Здравствуйте мои родные!

С огромным приветом к Вам боец Красной Армии, артиллерист батареи Гена.

Дела у меня идут очень хорошо. Наконец-то, я нашёл своё место. Ну, напишу о своём быте.

Как узнали, что я краснодеревщик, начались споры, куда и к кому мне идти, и старшина стал задумываться, как бы ему меня оставить в батарее. И пристроил меня каптёрщиком. Да, ещё одна новая профессия, что в переводе означает хозяйственник. В моём подчинении: метла, лопата, грабли, носилки и т.д. Кстати, человек, занимающий эту скромную должность, очень ценится у сержантов. Я освобождён от стройки, от уборок, от всяких таких работ, от которых мне тошно, а сижу, выдаю хоз. инвентарь под расписку. Вечером принимаю. Я доволен, хоть не вкалываешь, а то с 6-го на 7 мая всю ночь, т.е. 24 часа, не спал, разгружали кирпичи, проклинал службу, а на другой день: «Боец, Вы приступаете к должности каптёр». Видно, всевышний услышал. Вот так и идут дни, жду писем, скучаю. Девятого мая покормили празднично, дали по две конфеты и булочку на обед, сводили в кино, не гоняли, а последнее — это самое приятное. 19 мая (не точно, я сообщу) присяга. Приезжать ко мне можно, хоть каждый день. На этом всё, спасибо за письмо Сашеньке и тебе, Маина, пишите чаще, что творится в Питере. Привет всем от солдата. Я не болею, кушаю кашу и закаляюсь, как сталь. Чао!

 

На гуцульском ковре, который я привезла из Закарпатья, на сером дивном с разноцветными ромбами гуцульском ковре сидим — Маина и я. Она у чёрного столика под лампой на деревянной досточке с изображением совы, я — у книжного шкафа с альбомами Шагала, Каплана, Рериха. Мы заняты делом. Маина рассказывает то, что ей надо знать к экзамену по автоматике так, чтобы я поняла. Вроде бы и в самом деле понимаю, но пересказать не смогла бы. Слов для этого у меня нет. А может быть, нет такой памяти. Уравновешенный мост, неуравновешенный мост. И-регулятор, П-регулятор. Но что, конечно, я умею — это педагогично вразумлять, и я педагогично (а может, мне только кажется) вразумляю Маину, что химия — одна из интереснейших областей знаний, потому что посвящена изучению природы, жизни процессов. Маина не возражает. Молчит. А если начинает говорить, то слова полны скуки.

Но она очаровательна. Мои глаза любуются ею. Она сидит, прислонив голову к белым обоям стены, свет из окна выделяет её профиль, нос, девичьи губы, прелестный изгиб подбородка, выделяет скуластую щёку, освещает руку.

— Человек — тоже автоматическая система регулирования, — говорю я. — Когда ты огорчена, по-другому у тебя работает память. (Может быть, она поймёт, что на основе своей химии она узнаёт о жизни вообще.)

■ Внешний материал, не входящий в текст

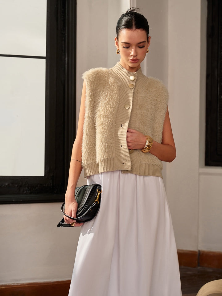 Balıkçı Yaka Düğmeli Tüylü Yelek
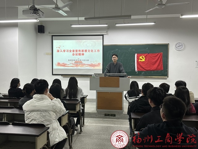 根据主题教育理论学习计划安排,12月6日,金年会jinnianhuicom学生第六党支部在教学楼D406集中学习全省宣传思想文化工作会议精神,此次会议由支部书记主持,支部全体党员参加会议。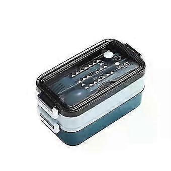 Double-Layer Portable Lunch Box with Compartments, Includes Fork, Chopsticks, and Spoon for Picnics

— Зачем эти общие слова? — говорит Маина.

— Уже цветёт шиповник. Ты заметила? — говорю я.

— Да? — удивляется Маина.

Но как только я снова произношу тираду о химии, голос Маины снова вежлив, и только. Все так учатся, как она, а преподавателя надо вообще побить, подговорить двух парней и побить.

Как это трудно определить — в чём прелесть лица Маины! Я много думала об этом, но признаю своё бессилие об этом сказать. Все мои попытки — это приблизительность.

Но вот эта приблизительность. Как Даниэлька, видя близкого человека, родное лицо, всем лицом сияет ответно, так её лицо — всё время. Лицам. Радости молодости. Стуку юного своего сердца. Такое впечатление, что под кожей лица всегда горит свечечка и распространяет свой ровный свет на всё лицо. Не то что улыбка освещает лицо, а всё лицо — улыбка. Внутренняя свечечка — вот лицо Маины.

«Обидит кто-нибудь, и в ней это погаснет», — говорит Светлана Скалецкая. Эти слова Светлана сказала уже после развода со своим мужем, Евгением Кирилловичем. Развод был 2-го декабря, в день рождения Светланы...

 

 

Мне всегда казалось, что такое лицо, как у Маины, было у Катюши Масловой в юности. Боже! - Спаси! Без улыбки мне лица Маины невозможно представить. Так чему же она всегда улыбается ? -чему затаённому ? - чему сокровенному ? - что она чувствует и знает о своей душе и чего я пока не вижу в ней. (Увижу, мой друг, спустя годы. Когда уже не смогу тебя этими рассказами обрадовать...)

 

Утро. 11 часов. Маина спит. Ей не до лекций. Вчера каталась с Володей 6 часов подряд. На его машине «Медицинская помощь». Он Маину учит водить машину.

Вечер. Швейная машинка на кухонном белом столе. Маина себе шьёт красное платье. Красный тон смягчается тёмными разводами.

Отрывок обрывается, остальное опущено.